The House holds a floor vote on one or more articles of impeachment.

Democrats currently

control the House.

A majority of House members vote to impeach.

Less than a majority of the House votes to impeach.

Trump remains

in office

Trump is

impeached

The articles of impeachment move to the Senate, which then holds a trial.

After the trial, the Senate holds a vote to convict the president.

Republicans currently

control the Senate.

Less than two-thirds of members present vote to convict.

Two-thirds or more of members present vote to convict.

Trump remains

in office

Trump removed

from office

Westlake Legal Group impeachment-335 Trump Defends Phone Call as Impeachment Inquiry Opens: Live Updates Whistle-Blowers Trump, Donald J Senate Republican Party impeachment House of Representatives General Assembly (UN) Ethics and Official Misconduct Democratic Party Constitution (US) Biden, Joseph R Jr

Six House committees are expected to continue investigating President Trump on impeachable offenses and to send their strongest cases to the Judiciary Committee.

The findings are determined to be insufficient evidence of wrongdoing.

Trump remains

in office

The findings are determined to be sufficient.

The House holds a floor vote on one or more articles of impeachment.

Democrats currently control the House.

Less than a majority of the House votes to impeach.

A majority of House members vote to impeach.

Trump remains

in office

Trump is

impeached

The articles of impeachment move to the Senate, which then holds a trial.

After the trial, the Senate holds a vote to convict the president.

Republicans currently control the Senate.

Less than two-thirds of members present vote to convict.

Two-thirds or more of members present vote to convict.

Trump remains

in office

Trump removed

from office

Westlake Legal Group impeachment-280 Trump Defends Phone Call as Impeachment Inquiry Opens: Live Updates Whistle-Blowers Trump, Donald J Senate Republican Party impeachment House of Representatives General Assembly (UN) Ethics and Official Misconduct Democratic Party Constitution (US) Biden, Joseph R Jr

Six House committees are expected to continue investigating President Trump on impeachable offenses and to send their strongest cases to the Judiciary Committee.

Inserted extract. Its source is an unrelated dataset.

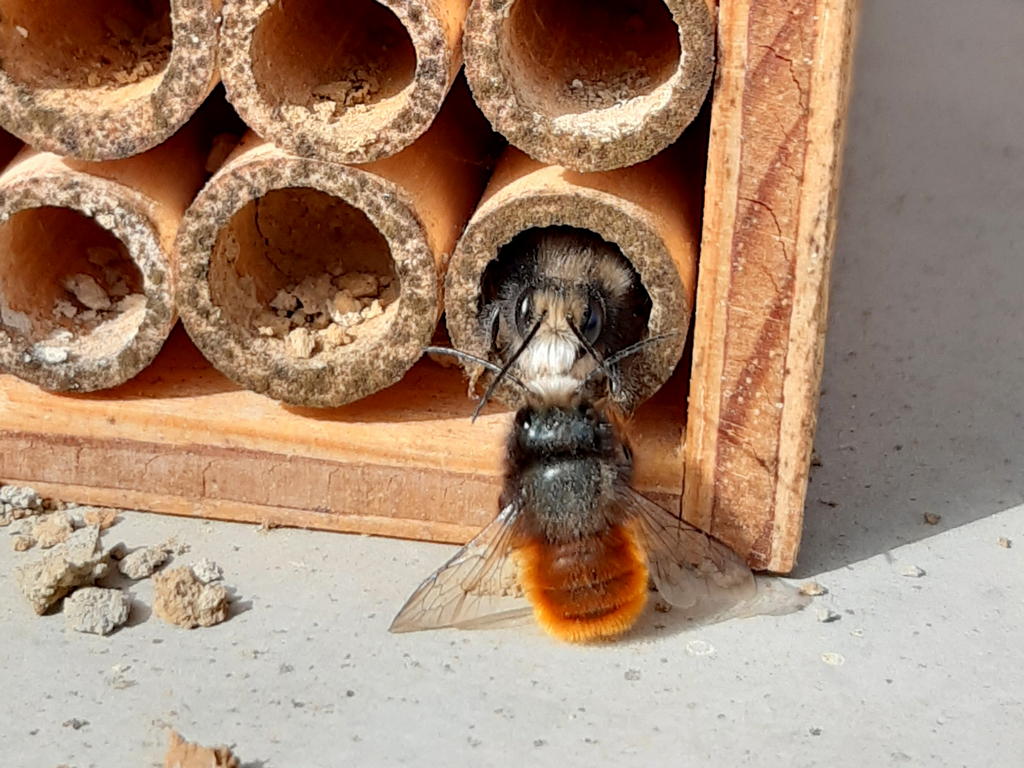 Le mâle est beaucoup plus spectaculaire, avec la tête complètement bleue, et le ventre et la poitrine orange.

The findings are determined to be insufficient evidence of wrongdoing.

Trump remains

in office

The findings are determined to be sufficient.

The House holds a floor vote on one or more articles of impeachment.

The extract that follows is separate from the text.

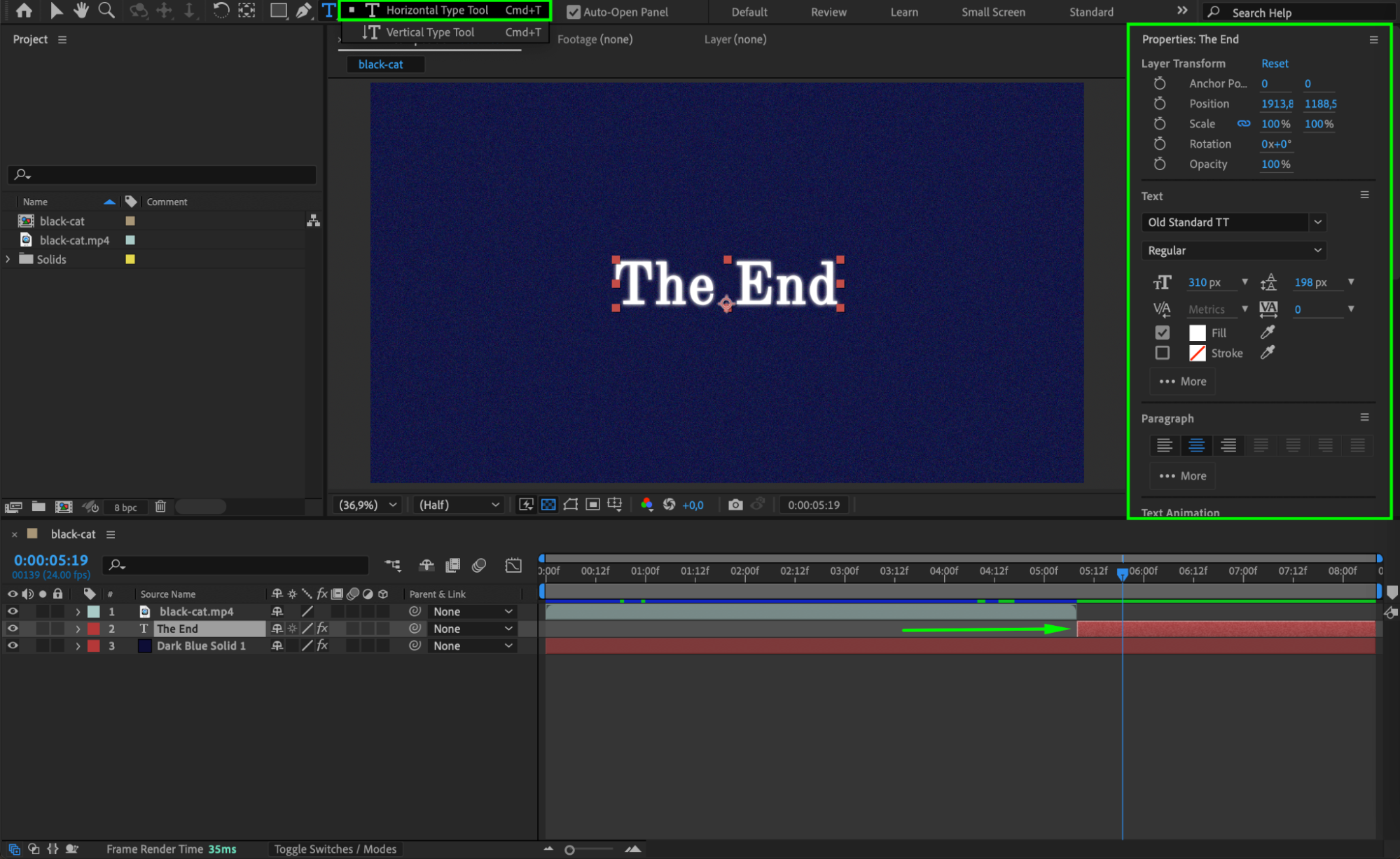 Now, use the Text Tool (Ctrl/Cmd + T) to add any text you’d like to appear at the end of your video. This could be a call-to-action, credits, or a simple message. Set the duration of the text layer so that it appears for the desired length of time before the video ends.

Democrats currently control the House.

Less than a majority of the House votes to impeach.

A majority of House members vote to impeach.

Trump remains

in office

Trump is

impeached

The articles of impeachment move to the Senate, which then holds a trial.

After the trial, the Senate holds a vote to convict the president.

Republicans currently control the Senate.

Less than two-thirds of members present vote to convict.

Two-thirds or more of members present vote to convict.

Trump remains

in office

Trump removed

from office

By The New York Times

Nicholas Fandos, Catie Edmondson, Sheryl Gay Stolberg and Emily Cochrane contributed reporting from Washington and Michael Crowley from New York.